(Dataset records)
##############################
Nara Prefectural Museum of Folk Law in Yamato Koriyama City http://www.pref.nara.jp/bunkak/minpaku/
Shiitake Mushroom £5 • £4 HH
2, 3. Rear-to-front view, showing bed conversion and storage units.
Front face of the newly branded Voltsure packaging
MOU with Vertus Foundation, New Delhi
##############################
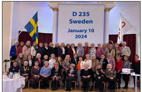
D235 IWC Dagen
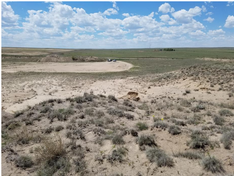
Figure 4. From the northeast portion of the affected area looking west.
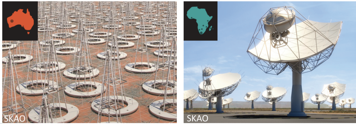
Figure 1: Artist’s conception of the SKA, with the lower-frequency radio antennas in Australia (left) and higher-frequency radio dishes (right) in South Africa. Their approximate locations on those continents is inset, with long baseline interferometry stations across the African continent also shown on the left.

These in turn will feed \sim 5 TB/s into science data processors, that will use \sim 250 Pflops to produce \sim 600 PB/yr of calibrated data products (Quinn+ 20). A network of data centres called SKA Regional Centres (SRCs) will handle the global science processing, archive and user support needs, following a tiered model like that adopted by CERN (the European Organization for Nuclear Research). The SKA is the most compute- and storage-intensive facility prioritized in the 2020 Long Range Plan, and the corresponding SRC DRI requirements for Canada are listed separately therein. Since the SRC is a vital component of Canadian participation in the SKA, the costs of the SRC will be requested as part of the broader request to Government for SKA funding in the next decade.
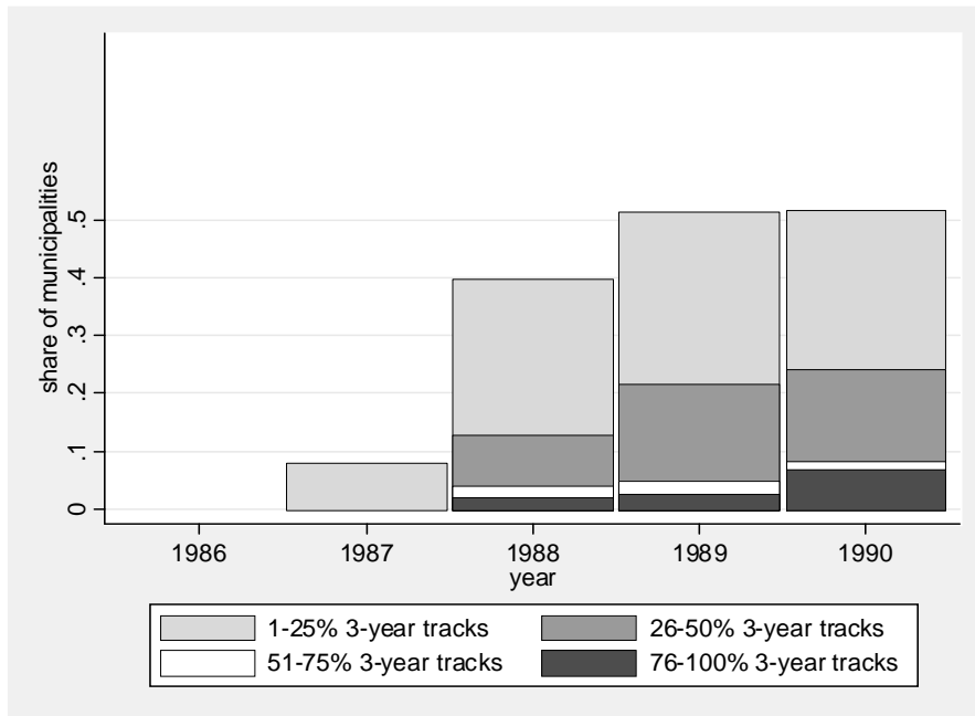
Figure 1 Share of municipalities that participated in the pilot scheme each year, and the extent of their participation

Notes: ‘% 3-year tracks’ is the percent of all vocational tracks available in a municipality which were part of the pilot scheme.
##############################
» Instructions for the task
Only one stretch of the data above is needed. Restate it word for word, from the line containing "Figure 1 Share" through the line containing "Notes: ‘% 3-year", both ends included.

» Solution for this exercise
Figure 1 Share of municipalities that participated in the pilot scheme each year, and the extent of their participation

Notes: ‘% 3-year tracks’ is the percent of all vocational tracks available in a municipality which were part of the pilot scheme.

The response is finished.